I've got to start my first publication post with a confession: I am not good at thinking of titles. I didn't think of the title for the first chapter of my master's thesis (or the thesis itself), my master's advisor, Joanna, did because she's great at titles. The paper "Keeping wetlands wet in the western United States: adaptations to drought in agriculture-dominated human-natural systems" is a comparative case study of the paper water and wet water acquired by three federal wildlife refuges in the Bear River watershed. In the western U.S., the right to use water is allocated under the rules of prior appropriation. Every water user must apply for the right to use water and that right comes with restrictions on what water can be used for, how much can be used, and when it can be used. During periods of drought, a relatively common even in the arid and semi-arid West, senior water right holders (those who applied for their rights first) get their whole water allocation while junior water right holders (those who applied for their rights most recently) will have their allocation cut off. There are lots and lots of intricacies of within the law, based on 150 years of court cases, many state constitutions, and inter-state water compacts, but the statement "first in right, first in time" is still the clearest way to summarize the law.

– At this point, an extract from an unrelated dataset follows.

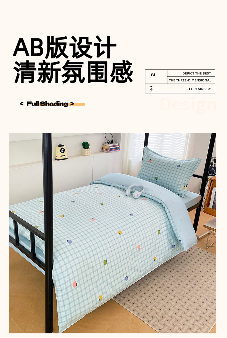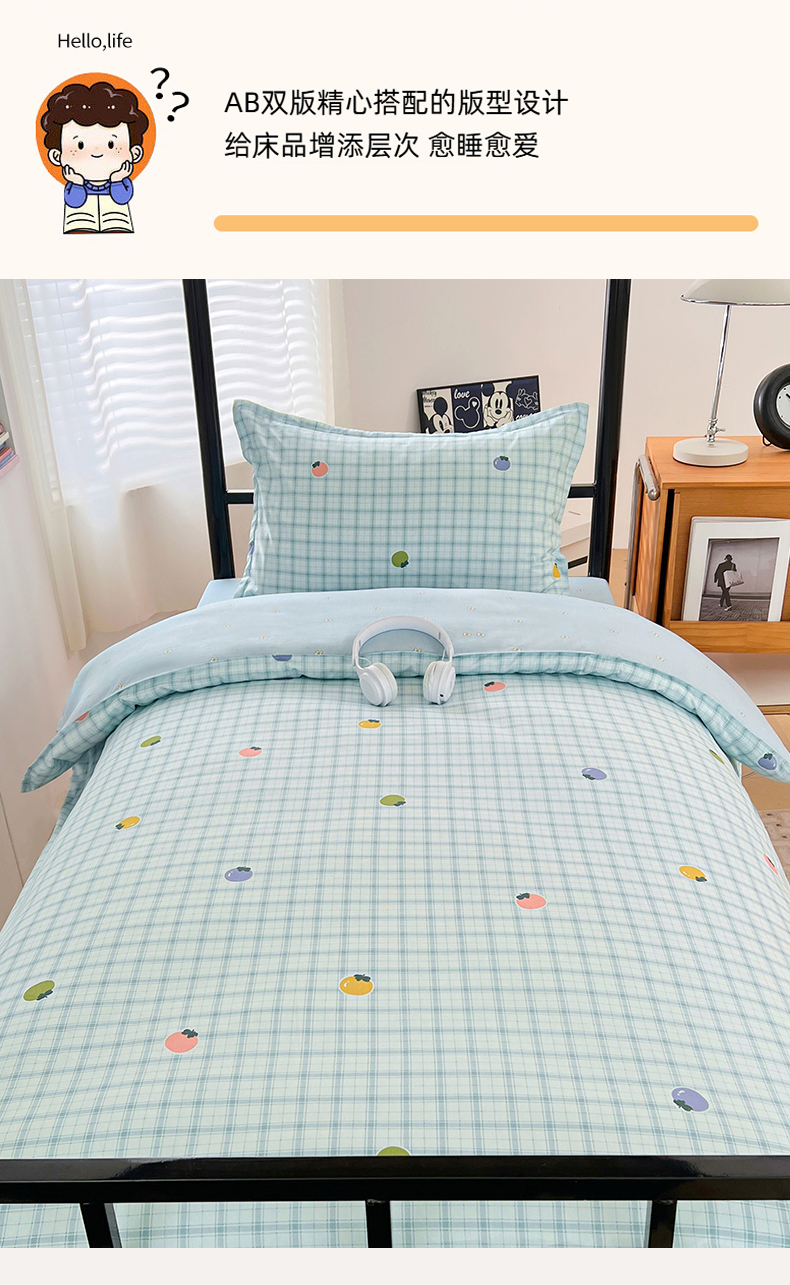 当前位置: 91家纺网 > 商品网购 > 床品套件 > 三件套 > 锦润家纺2025新款全棉13372学生三件套纯棉宿舍六件套 水果波波
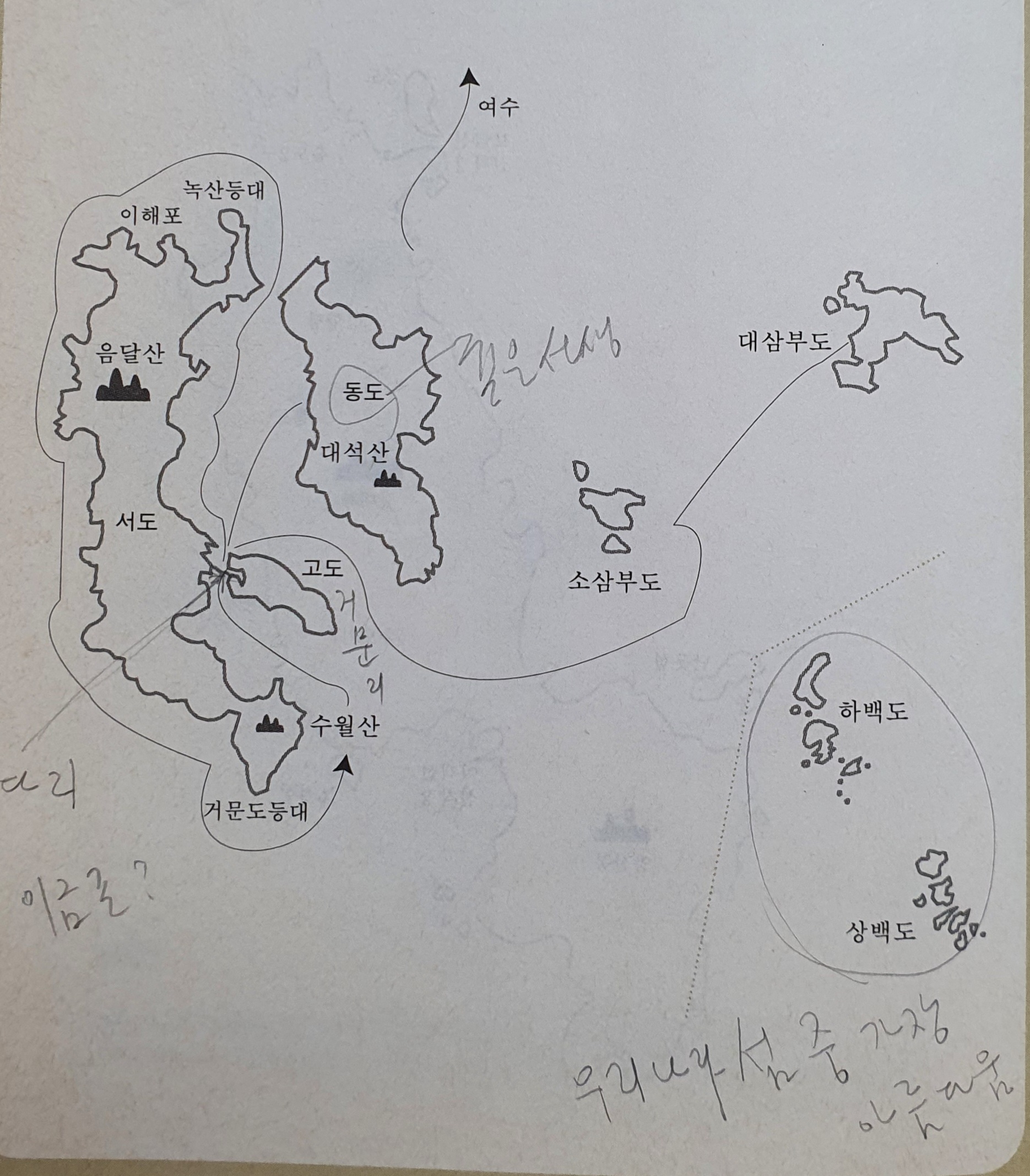 (154)거문도라는 독립된 섬은 없다. 동도ㆍ서도ㆍ고도 셋을 묶어서 삼산면이라 하고, 이중 고도를 거문리라 한다.사람들은 고도만 다녀가고 거문도에 갔다왔다고 한다.

Bear Lake National Wildlife Refuge
Water law goes way back to the California gold rush, but appreciation for wetlands is a relatively recent development (coming in the 1970s). How have wetlands, a thirsty ecosystem defined by the presence of water, persisted in watersheds like the Bear River, where agricultural users have acquired almost all the available water? It depends (every ecologist's favorite answer). Every water user must apply for the right to use water, but the strategy for acquiring those rights varies based on where the wetland is located within the watershed (near the top or the bottom) and relative to senior water rights holders (upstream, downstream, or near a storage reservoir). The federal wildlife refuges in the Bear River Basin, Bear River, Bear Lake, and Cokeville Meadows, have each pursued their own strategy, detailed in the paper linked here.
Once a refuge has acquired access to water through applications, diligence claims, shares in canal companies, or purchases of rights with land, the water must be managed to buffer wetlands against fluctuations in water supply. Such management takes a context-specific approach that recognizes the opportunities unique to each refuge.
Bear River discharge above three wildlife refuges.